You can write summae up to half your ability. Round up or round down? I would assume the latter but I have found several instances of rounding up in the system.

Does this means that the maximum level of an ability summae is 5?

I may have given my players two 6 level ability summae without thinking it through...

I personaly dislike the fact that familiar would do anything in their free time which would benefit directly or not their magus.
Do the magus sometimes spend a season to clean the nest of his magical cuckoo?

IMO, and that's how I play it, the familiar help in lab and improves Magic theory, but other abilities are not improved : the familiar use leniency time, improving "enjoy life" ability.

Now, in principle, as OneShot says, you need not do rounding in this particular case: 6 is more than 11/2=5.5 unrounded, so with an Ability score of 11 you would not be able to write a summa level 6. This is the equivalent to rounding down.

However, Ars Magica seems to always round fractions, and when it does it almost always rounds them up (I am aware of 3 exceptions, one in RoP:I and two in Covenants). So, one could easily say that "half of 11" should be interpreted as 6, in the absence of more information. While it proves nothing, it might be worth noting that a character can write a number of Tractatus up to half his score -- and that gets rounded up explicitly. And it might be worth noting, too, that an easy, unequivocal way to say "round down" would be to say: "you can only right a Summa of a certain Level if your score in that Art or Ability at least equals twice that Level".

So in our games, and in most (but definitely not all) games I've seen, troupes tend to round up.

I agree with OneShot on this subject, and have in fact made the exact same point before, both at my local table and here.

But if you read what OneShot wrote, the whole point is that no rounding is necessary.

Score is 7.
Half of 7 is 3.5
If you cannot write a Summa with a vaue higher than half of the score of the book (the bit quoted by OneShot above), then that value cannot exceed 3.5
Since values must be integers (implicit), that means it cannot have a value higher than 3, simply because 4>3.5

If you read anything after my first line, you'd see that was the very first point I addressed In a nutshell, that assumes you want to deal with non-integers in the game mechanics, which the game never does explicitly (as far as I can tell, I may be wrong). If you rule out the existence of non-integers, then half of 11 is not 5.5, because 5.5 does not exist; you must decide whether half of 11 is 5 or 6.

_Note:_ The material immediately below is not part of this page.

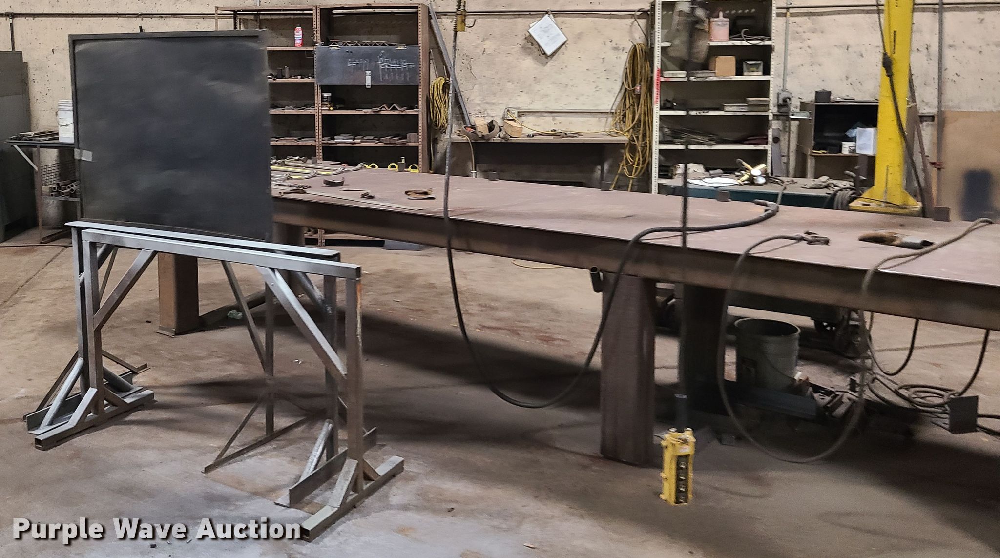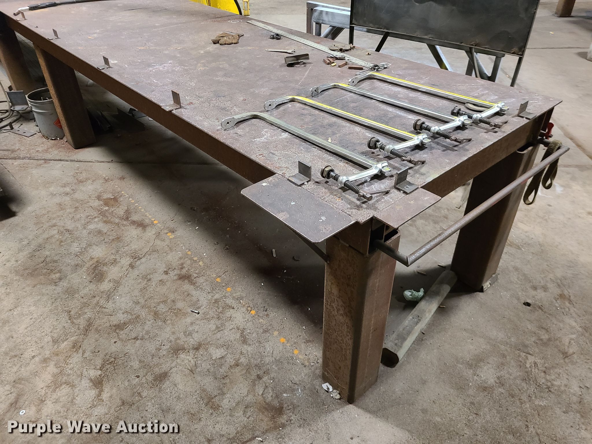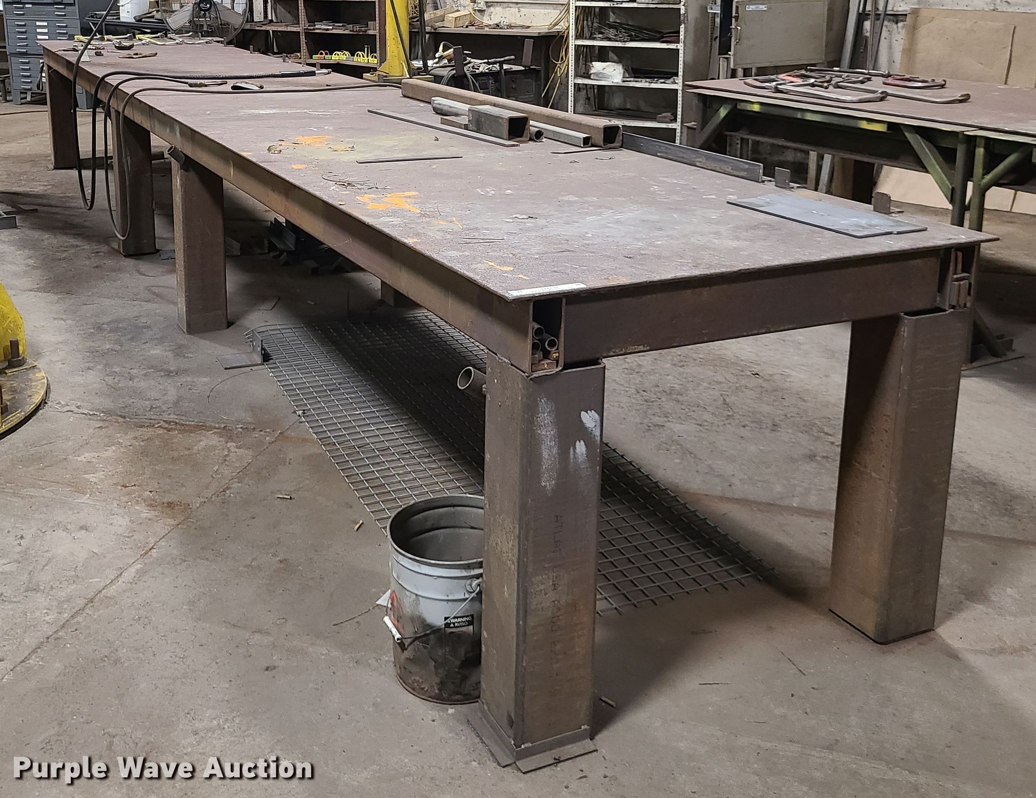 Purple Wave is selling a used Welder (Manual) in Missouri. This item is a Welding station with the following: 25' x 4' x 37"H steel table, Clamps, Miller Deltaweld 451 welder, Three phase, Miller 22a wire feeder, (2) saw horses
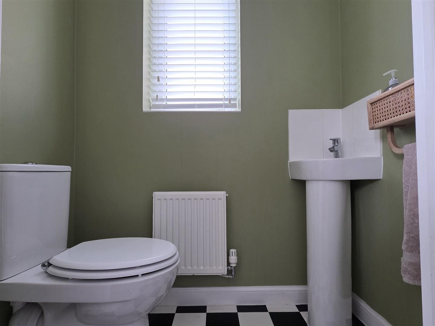 Wash hand basin. Close coupled WC. Extractor fan. Checkerboard vinyl flooring. Obscure glass double glazed window. Pendant light.

Thank you for the answers. I thought (I don't know why) that 10 was the maximum level of an ability, but as addressed above, that is not true. So it seems that I am good with those 2 6 level ability summae books. I just will be more stingy from now on with the levels of the Summae.

depends.
If you have an affinity in an ability it really makes development go faster- after that it all comes down to available SQ for study. In a game I run here the covenant has fostered a certain level of competitiveness for reputation in excellence, as well as a good educational system for grogs (something to keep teachers busy when they aren't instructing apprentices or occasionally magi, at least at the beginning) and so most craftsmen have written multiple tractatus to show off their high levels of ability, and read tractate from other grogs in the same field to improve the same. Some of those who have craft affinities have reached level 14 or 15 starting an apprenticeship at 5 before they reach age 30 (of course a more skilled master also means a more productive apprenticeship), so it is certainly possible to reach those numbers, even for a (well placed and talented) grog. A magi with over a hundred years to invest in study could certainly do far better, especially if working as a group.

Integer division is also well defined in mathematics. 11 divided by 2 is 5 (with a remainder of 1). 11 divided by 2 is never 6. The only way to get six is to do fractional division AND round up. Reading the text as a mathematician, this is really quite unambiguous. As far as I have seen, rounding is always explicit when it is necessary to disambiguate.